## What needs to be done:
Skip the pictures. Transcribe the rest of the data below without changing a word.

## Exercise data:

---

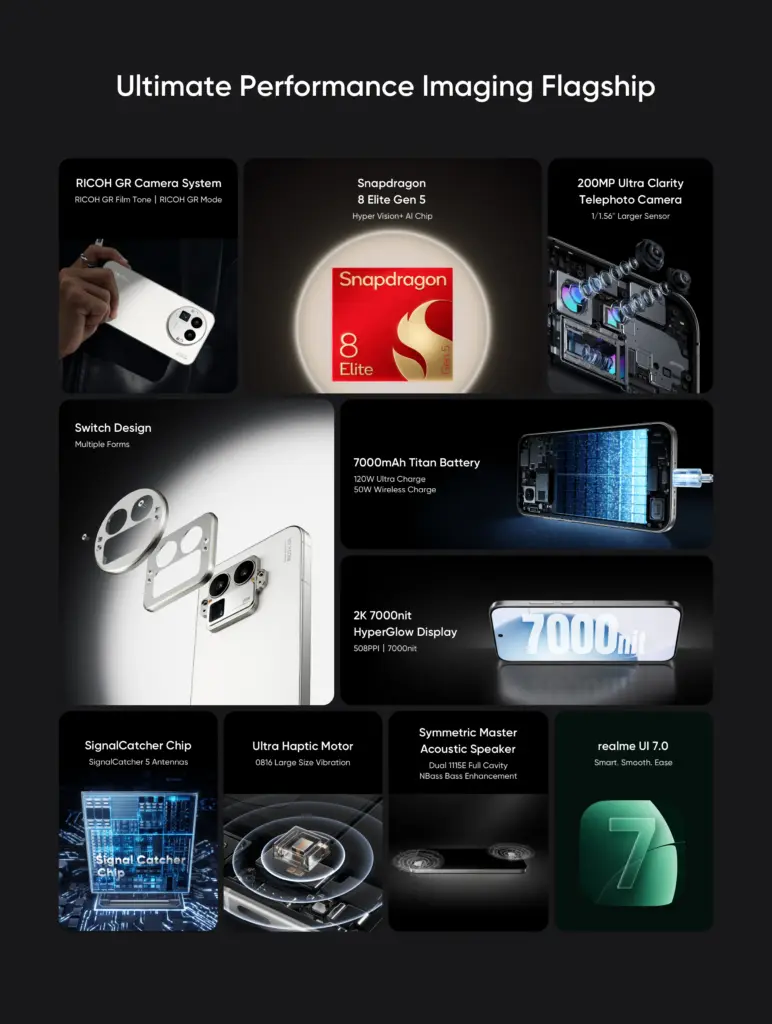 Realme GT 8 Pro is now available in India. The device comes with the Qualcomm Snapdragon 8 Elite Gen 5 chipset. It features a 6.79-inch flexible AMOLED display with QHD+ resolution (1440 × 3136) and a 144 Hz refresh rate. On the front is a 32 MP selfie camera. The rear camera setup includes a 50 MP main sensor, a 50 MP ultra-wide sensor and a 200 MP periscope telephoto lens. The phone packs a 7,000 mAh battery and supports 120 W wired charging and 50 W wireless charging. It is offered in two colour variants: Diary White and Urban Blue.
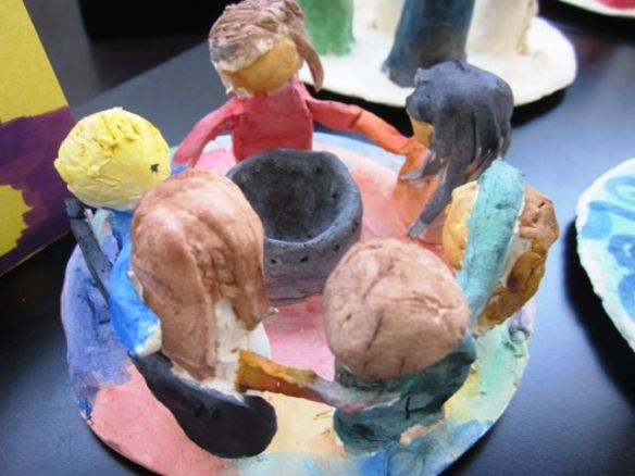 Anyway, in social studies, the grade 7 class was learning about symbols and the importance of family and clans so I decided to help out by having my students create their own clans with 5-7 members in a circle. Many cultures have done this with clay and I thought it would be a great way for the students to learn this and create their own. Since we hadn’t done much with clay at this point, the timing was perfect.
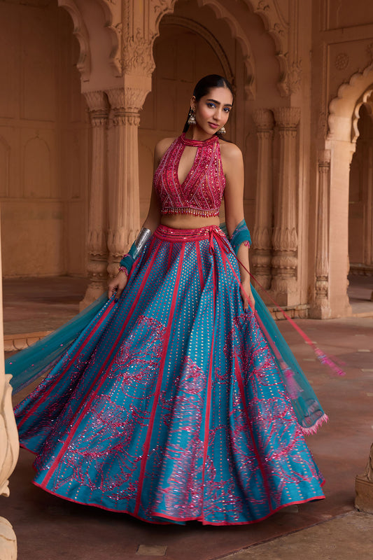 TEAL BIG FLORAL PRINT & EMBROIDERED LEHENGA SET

---

## Solved problem:
 Realme GT 8 Pro is now available in India. The device comes with the Qualcomm Snapdragon 8 Elite Gen 5 chipset. It features a 6.79-inch flexible AMOLED display with QHD+ resolution (1440 × 3136) and a 144 Hz refresh rate. On the front is a 32 MP selfie camera. The rear camera setup includes a 50 MP main sensor, a 50 MP ultra-wide sensor and a 200 MP periscope telephoto lens. The phone packs a 7,000 mAh battery and supports 120 W wired charging and 50 W wireless charging. It is offered in two colour variants: Diary White and Urban Blue.
 Anyway, in social studies, the grade 7 class was learning about symbols and the importance of family and clans so I decided to help out by having my students create their own clans with 5-7 members in a circle. Many cultures have done this with clay and I thought it would be a great way for the students to learn this and create their own. Since we hadn’t done much with clay at this point, the timing was perfect.
 TEAL BIG FLORAL PRINT & EMBROIDERED LEHENGA SET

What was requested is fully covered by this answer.